Sheepshead Bay Stakes
- Class: Grade III
- Location: Belmont Park Elmont, New York, United States
- Inaugurated: First: 1888–1910 (as Sheepshead Bay Handicap at Sheepshead Bay Race Track) Renewal: 1957 (at Jamaica Race Course)
- Race type: Thoroughbred – Flat racing
- Website: NYRA

Race information
- Distance: 1+3⁄8 miles (11 furlongs)
- Surface: Turf
- Track: Left-handed
- Qualification: Fillies & Mares, four-years-old and older
- Weight: 124 lbs with allowances
- Purse: $200,000 (since 2012)

= Sheepshead Bay Stakes =

The Sheepshead Bay Stakes is a Grade III American thoroughbred horse race for fillies and mares ages four-years-old and older run over a distance of one and three-eighth miles on the turf scheduled annually in early May at Belmont Park in Elmont, New York.

==History==
The first Sheepshead Bay Handicap was a race run from 1888 through 1910 at the now defunct Sheepshead Bay Race Track at Sheepshead Bay, New York. When the Sheepshead Bay Race Track closed the event was discontinued.

===Renewal Sheepshead Bay Handicap (1957-) ===

The event was revived at the Jamaica Race Course on 26 October 1957 as a six furlong sprint named the Sheepshead Bay Handicap for three-year-olds and older and was won by Be Jeepers in a time 1:112/5 The event was not held in 1958. In 1959 the event was held at Jamaica Race Course for the last time in mid July at a distance of 1 1/8 miles and was won by the 40-1 longshot Greek Star.
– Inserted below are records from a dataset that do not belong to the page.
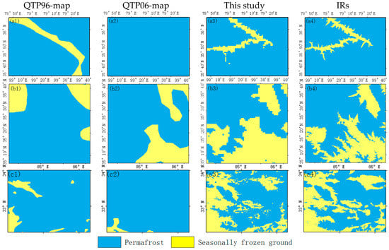 Permafrost distribution of the three investigated regions: West Kunlun (the first row), Wenquan (the second row), Gaize (the last row).
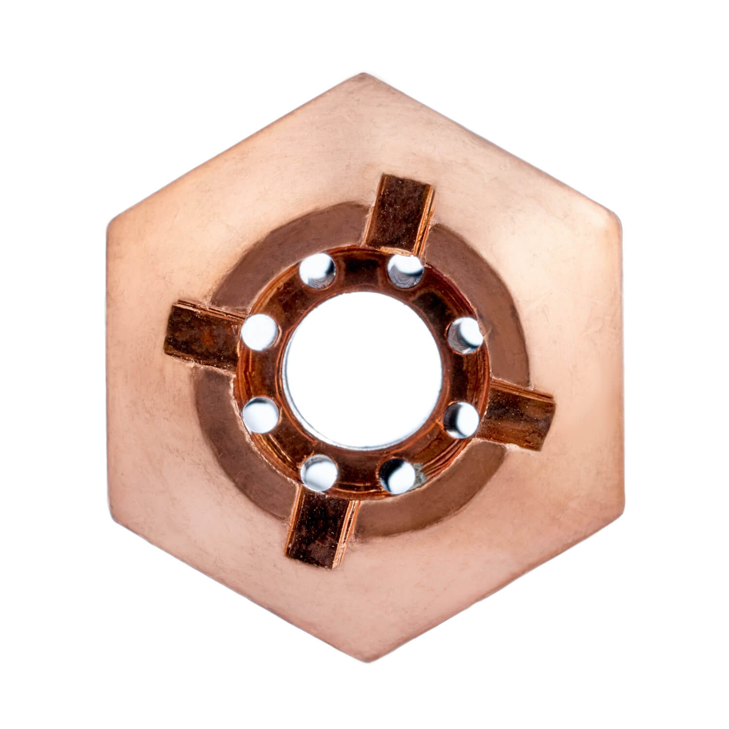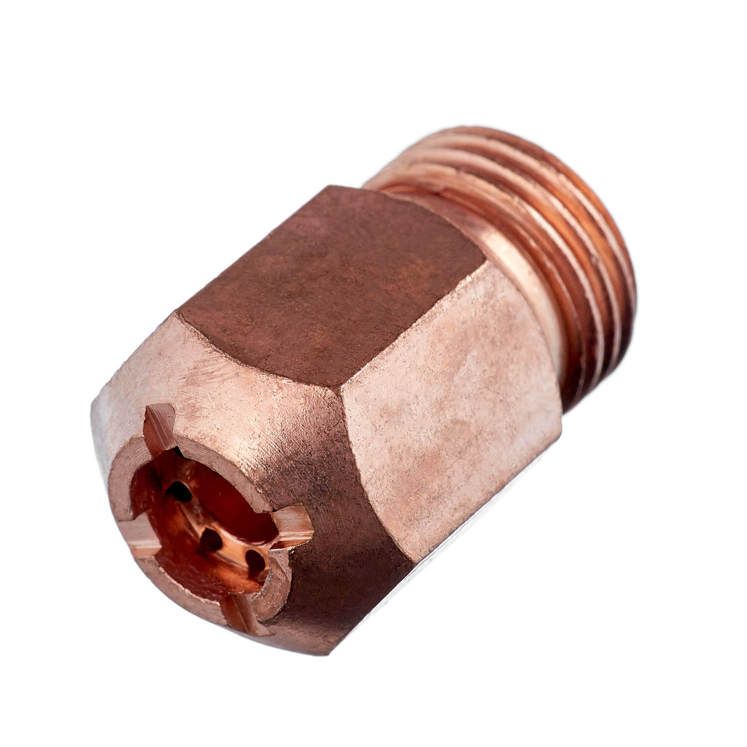 Медный наружный мундштук для резака керосинового РК-02 (тип «Луч»). Мундштук не имеет маркировки, а толщина разрезаемого металла зависит от установленного внутреннего мундштука.
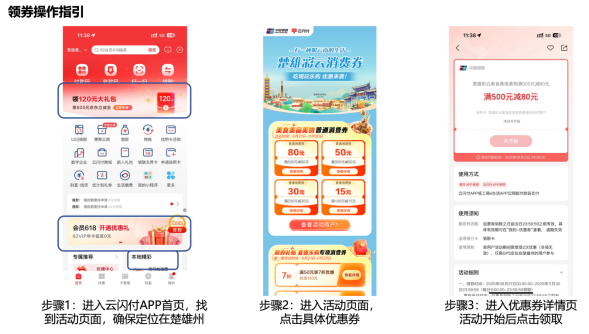 普通消费券由消费者在云闪付平台中领取,每日可领取每种面额各1张。消费券领取后即时生效、当日有效,逾期不消费自动作废。活动期间,单用户每种面额最多可核销2张普通消费券。
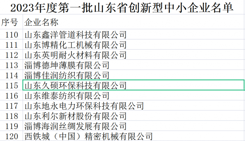 山東久碩環(huán)保科技有限公司,通過審核成為創(chuàng)新型中小企業(yè)

With the closure of the Jamaica Race Course the event was transferred to Aqueduct Racetrack and held on the new turf track. In 1962 the conditions of the event were change that the event was for fillies and mares three-years-old or older. The event was scheduled to be run on the turf track but was transferred to the dirt and held over a distance of one mile due to cancellation of all turf racing for the rest of their summer meeting after an incident the previous Saturday.

In 1963 the distance of the event was reduced to 1 1/16 miles and was won by the reigning U.S. Champion Three-Year-Old Filly Cicada who carried an imposing weight of 128 pounds winning by a neck over Nubile. Cicada would later be crowned the 1963 U.S. Champion Older Female Horse.

In 1965 the distance of the event was increased to 1 3/16 miles and was run until 1974 at that journey. The event continued to be held in July during Aqueduct's short summer meeting.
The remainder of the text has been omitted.